Artist’s impression of the merging galaxies B14-65666 located 13 billion light years-away (Credit: National Astronomical Observatory of Japan)

Specialists utilizing the radio telescope ALMA (Atacama Large Millimeter/submillimeter Array) watched the sign of oxygen, carbon, and residue from a cosmic galaxy in the early Universe 13 billion years prior. This is the steadiest galaxy where this valuable blend of three sign has been identified.
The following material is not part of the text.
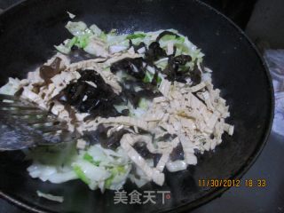 肉丝下油锅炒变色,盛出,卷心菜炒软,加杏鲍菇,香菇,黑木耳,腐竹翻炒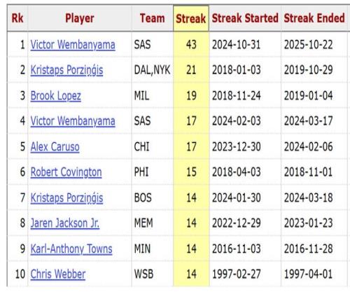 此战之前,文班亚马创造了连续43场比赛至少1三分+1盖帽的壮举,创造了独一档的NBA纪录,排名历史第二的是波津的连续21场。今日对阵鹈鹕,文班虽然有9个盖帽,但三分球3中0,他的这个NBA纪录就此中断,止步于连续43场。

By looking at the changed sign, the group confirmed that the world is dual galaxies merger, making it the steadiest case of combining cosmic galaxies yet found.

Takuya Hashimoto, a postdoctoral scientist at the Japan Society for the Promotion of Science and Waseda University, Japan, and his group utilized ALMA to watch B14-65666, an object found 13 billion light-years away in the constellation Sextans. On account of the limited speed of light, the sign we get from B14-65666 today needed to go for 13 billion years to contact us. They demonstrate to us the picture of what the universe resembled 13 billion years prior, under 1 billion years after the Big Bang.

Reference:

Hashimoto et al. “Big Three Dragons”: a z = 7.15 Lyman Break Galaxy Detected in [OIII] 88 um, [CII] 158 um, and Dust Continuum with ALMA” in the Publications of the Astronomical Society of Japan.